Copy out exactly the lines from the one containing "Interestingly, there is" through the end of the records, and no pictures.

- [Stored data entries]
▬▬▬▬▬▬▬▬▬▬

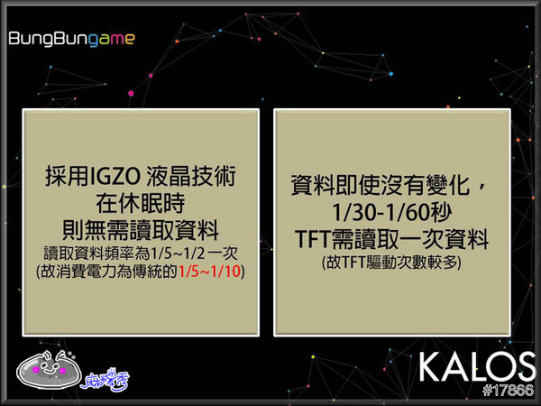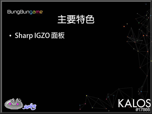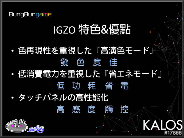 這個Sharp IGZO面板~好特別,之前很少聽到這個專有名詞,它的特色在是由四個元素結合而成的一個面板,也因為經由這四個元素的關係,可以讓螢幕有別於其他家的產品,省電,色彩鮮明,高感度而且在休眠時不用一直在讀取資料,更省電。讚哦!!
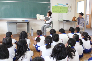 今日、2学期、2回目の図書ボランティアさんに来ていただき、本の読み聞かせをしていただきました。ありがとうございました。  | | | | |
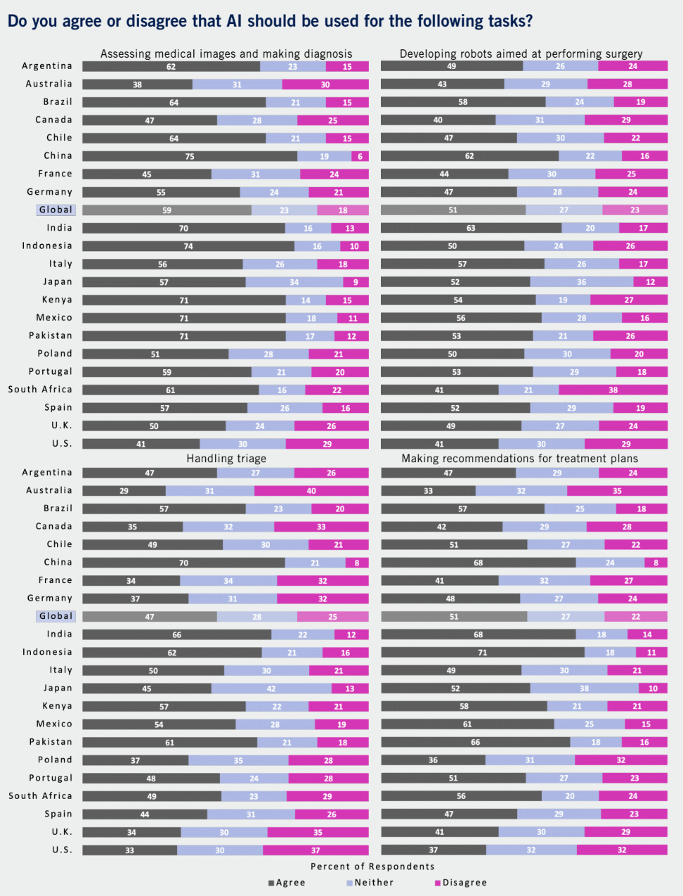 Interestingly, there is a large variability between countries (eg. AI for diagnostic imaging has the widest support, but only 38% of Australians agree with its use compared to 75% of Chinese respondents)
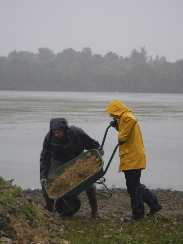 cette année le niveau d'eau étant très bas,cela va permettre de récupérer plus de pierres pour former un épi en bordure de l'ilot central pour protéger
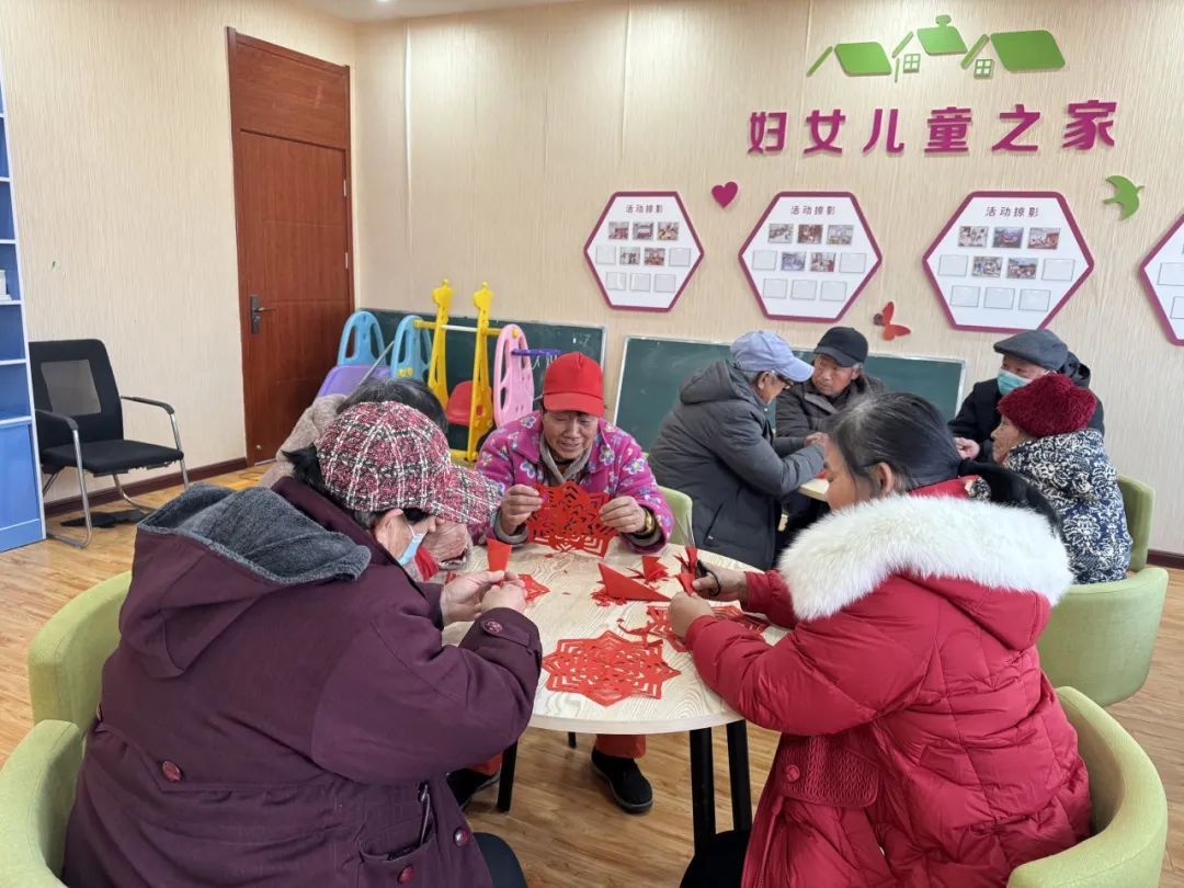 邀請(qǐng)社區(qū)居民在婦女兒童活動(dòng)室體驗(yàn)傳統(tǒng)文化的魅力。志愿者向大家講述剪紙藝術(shù)的歷史由來,展示精美新年窗花圖案。

▬▬▬▬▬▬▬▬▬▬

- [Written solution]
 Interestingly, there is a large variability between countries (eg. AI for diagnostic imaging has the widest support, but only 38% of Australians agree with its use compared to 75% of Chinese respondents)
 cette année le niveau d'eau étant très bas,cela va permettre de récupérer plus de pierres pour former un épi en bordure de l'ilot central pour protéger
 邀請(qǐng)社區(qū)居民在婦女兒童活動(dòng)室體驗(yàn)傳統(tǒng)文化的魅力。志愿者向大家講述剪紙藝術(shù)的歷史由來,展示精美新年窗花圖案。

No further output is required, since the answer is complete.